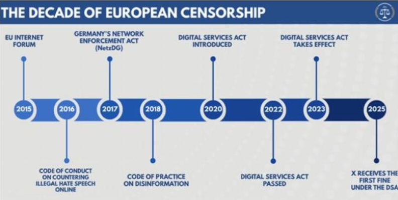 Începând cu Codul de conduită al Forumului Internet al UE (EUIF) din 2016 și continuând cu Legea serviciilor digitale (DSA) din 2023, Comisia Europeană a organizat peste 100 de întâlniri pentru a presiunea platformele să „cenzureze agresiv” conținutul, potrivit raportului Comitetului, „Amenințarea cenzurii străine, partea a II-a: Campania europeană de zece ani de cenzurare a internetului global și modul în care aceasta afectează libertatea de exprimare în Statele Unite”. Măsurile au fost prezentate ca fiind cooperante, dar comisia susține că e-mailurile interne arată contrariul. Raportul susține că
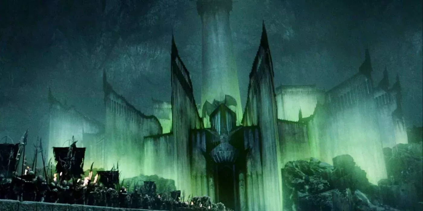 Los cambios en la paleta de colores y el uso de efectos visuales realmente ayudan a cambiar la imagen, pero las influencias de Gondor también pueden verse en todo el diseño. En cualquier caso, los bordes escarpados a lo largo de la cara de la estructura parecen una forma de protegerse de los ejércitos que se acercan, y ¿quién no se aterrorizaría al encontrarse con una estructura tan imponente? No se ve lo suficiente a lo largo de las películas como para destacar, pero cumple bien su función.
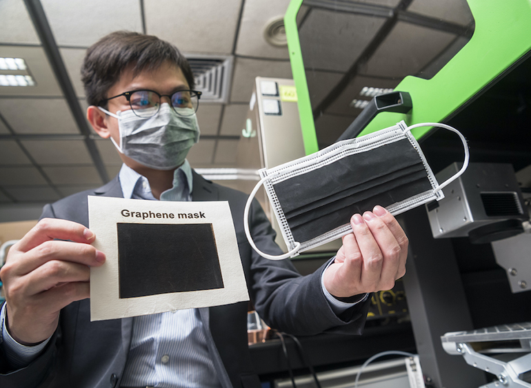 கிராபெனின் நானோ துகள்கள் கிருமிகளைக் கொல்ல பயன்படுத்தப்படுகின்றன, ஆனால் செதில்களைக் குறைத்து நுரையீரலில் உள்ளிழுக்க முடியும் என்றார். கிராபெனில் வைரஸ் மற்றும் பாக்டீரியா எதிர்ப்பு பண்புகள் இருப்பதாகக் கூறப்படுகிறது. ஆனால் அத்தகைய முகக்கவசம் பயன்படுத்துபவர்களின் சுவாசிப்பதில் சிரமம், தோல் எரிச்சல் மற்றும்” பூனை முடியில் சுவாசிப்பது போன்ற உணர்வுகளைப் பற்றி புகார் கூறியுள்ளனர்.
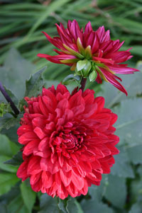 Double-flowering types have multiple rows of petals, grow taller, and have large flowers. Double-flowering types are also classified according to flower size and shape. Cactus dahlias have somewhat tubular shaped petals that curve backwards for over one-half of their length. Semi-cactus dahlias resemble cactus types but the petals are broad at their base and curve for less than half their length. Incurved cactus cultivars have petals that curl strongly towards the center of the flower. There are two types of decorative dahlias: formal and semiformal. Formal decorative types have broad, regularly arranged, pointed or rounded petals that curve back towards the stem. Informal decorative dahlias have long, irregularly arranged, often twisted petals. Ball dahlia flowers are usually 3 1/2 inches in diameter and ball shaped or slightly flattened. The quilled petals are blunt or rounded at the tip. Pompons are smaller version of ball dahlias with flowers less than 2 inches in diameter.
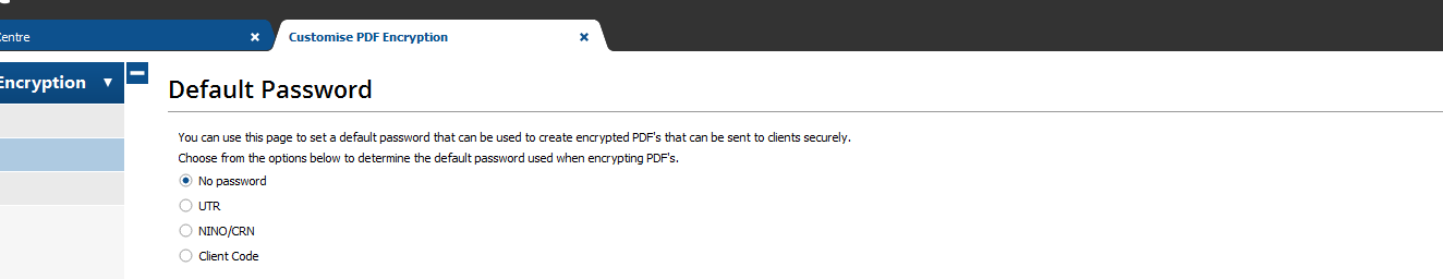 Either of these methods will allow you to encrypt the PDF with a password. This PDF document cannot be opened until the correct password has been entered. Setting a Default Password Generically It is possible to set a default password type that can be used to generate encrypted PDF's. This can be done by going to Admin Centre > Applications > PDF Encryption > Customise PDF Encryption > Default Password The default Password can range from either UTR, NINO /CRN, or Client Code. Alternatively the No Password option can be set.
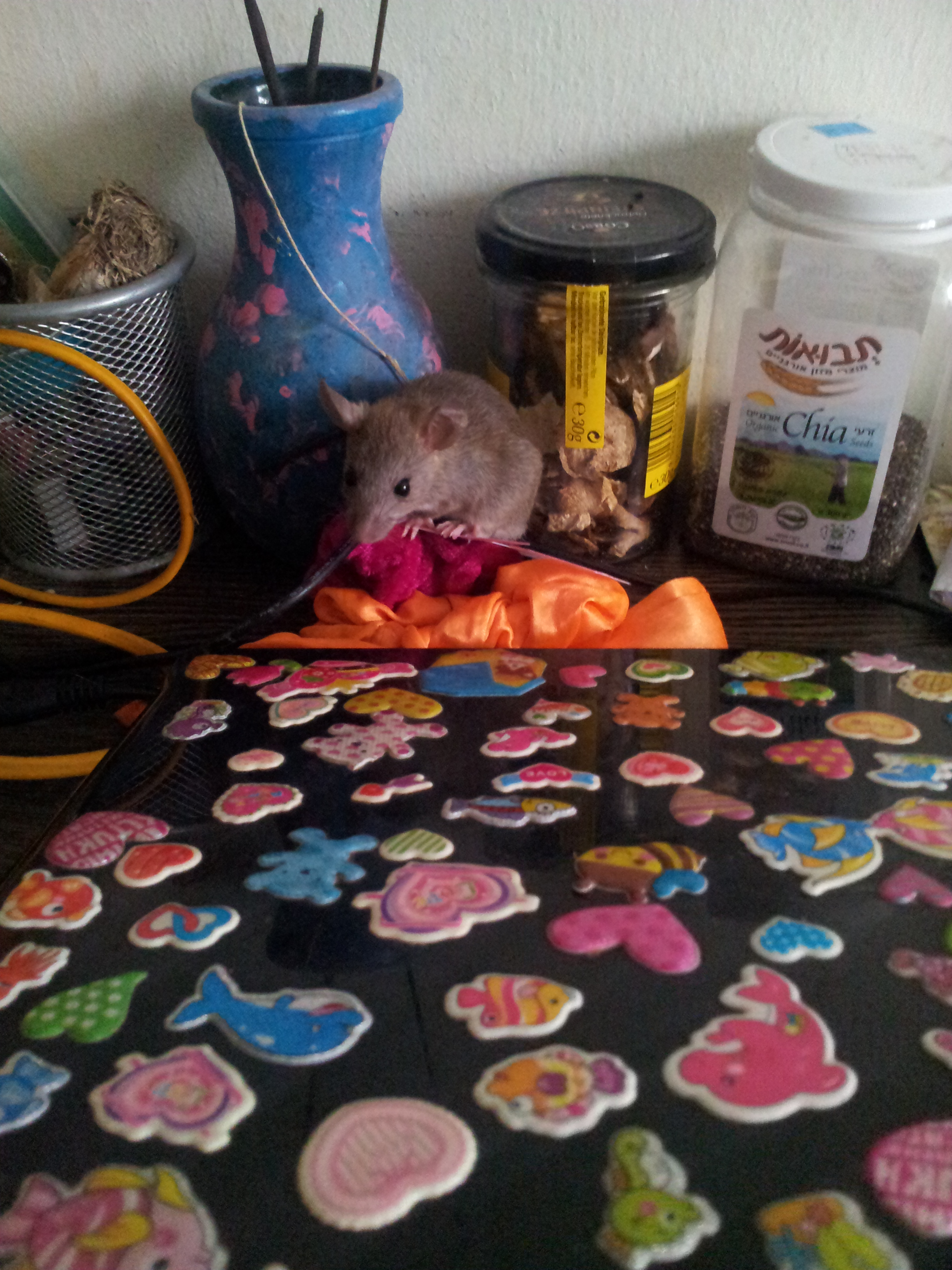 сейчас срочно ищу ему друга и никак не выходит, в магазине есть взрослые крысюки и розовые креветки, в лаборатории тоже сейчас только взрослые. обращалась к месным активистам, пристраивающим лабораторных животных, они меня кажется в черный список записали за попытку взять девочку к мальчику. потом почитала их устав и поняла, что крысёнка мне бы всё равно не отдали, потому что у меня клетка в высоту меньше 90 сантиметров. вот так у них всё серьёзно, оказывается.
-- -- --
— DESCRIPTION OF THE TASK —
Copy exactly the lines from the line that holds "Double-flowering types have" to the end of the listing, both included. Leave the pictures out.

— ANSWER TO THE PROBLEM —
 Double-flowering types have multiple rows of petals, grow taller, and have large flowers. Double-flowering types are also classified according to flower size and shape. Cactus dahlias have somewhat tubular shaped petals that curve backwards for over one-half of their length. Semi-cactus dahlias resemble cactus types but the petals are broad at their base and curve for less than half their length. Incurved cactus cultivars have petals that curl strongly towards the center of the flower. There are two types of decorative dahlias: formal and semiformal. Formal decorative types have broad, regularly arranged, pointed or rounded petals that curve back towards the stem. Informal decorative dahlias have long, irregularly arranged, often twisted petals. Ball dahlia flowers are usually 3 1/2 inches in diameter and ball shaped or slightly flattened. The quilled petals are blunt or rounded at the tip. Pompons are smaller version of ball dahlias with flowers less than 2 inches in diameter.
 Either of these methods will allow you to encrypt the PDF with a password. This PDF document cannot be opened until the correct password has been entered. Setting a Default Password Generically It is possible to set a default password type that can be used to generate encrypted PDF's. This can be done by going to Admin Centre > Applications > PDF Encryption > Customise PDF Encryption > Default Password The default Password can range from either UTR, NINO /CRN, or Client Code. Alternatively the No Password option can be set.
 сейчас срочно ищу ему друга и никак не выходит, в магазине есть взрослые крысюки и розовые креветки, в лаборатории тоже сейчас только взрослые. обращалась к месным активистам, пристраивающим лабораторных животных, они меня кажется в черный список записали за попытку взять девочку к мальчику. потом почитала их устав и поняла, что крысёнка мне бы всё равно не отдали, потому что у меня клетка в высоту меньше 90 сантиметров. вот так у них всё серьёзно, оказывается.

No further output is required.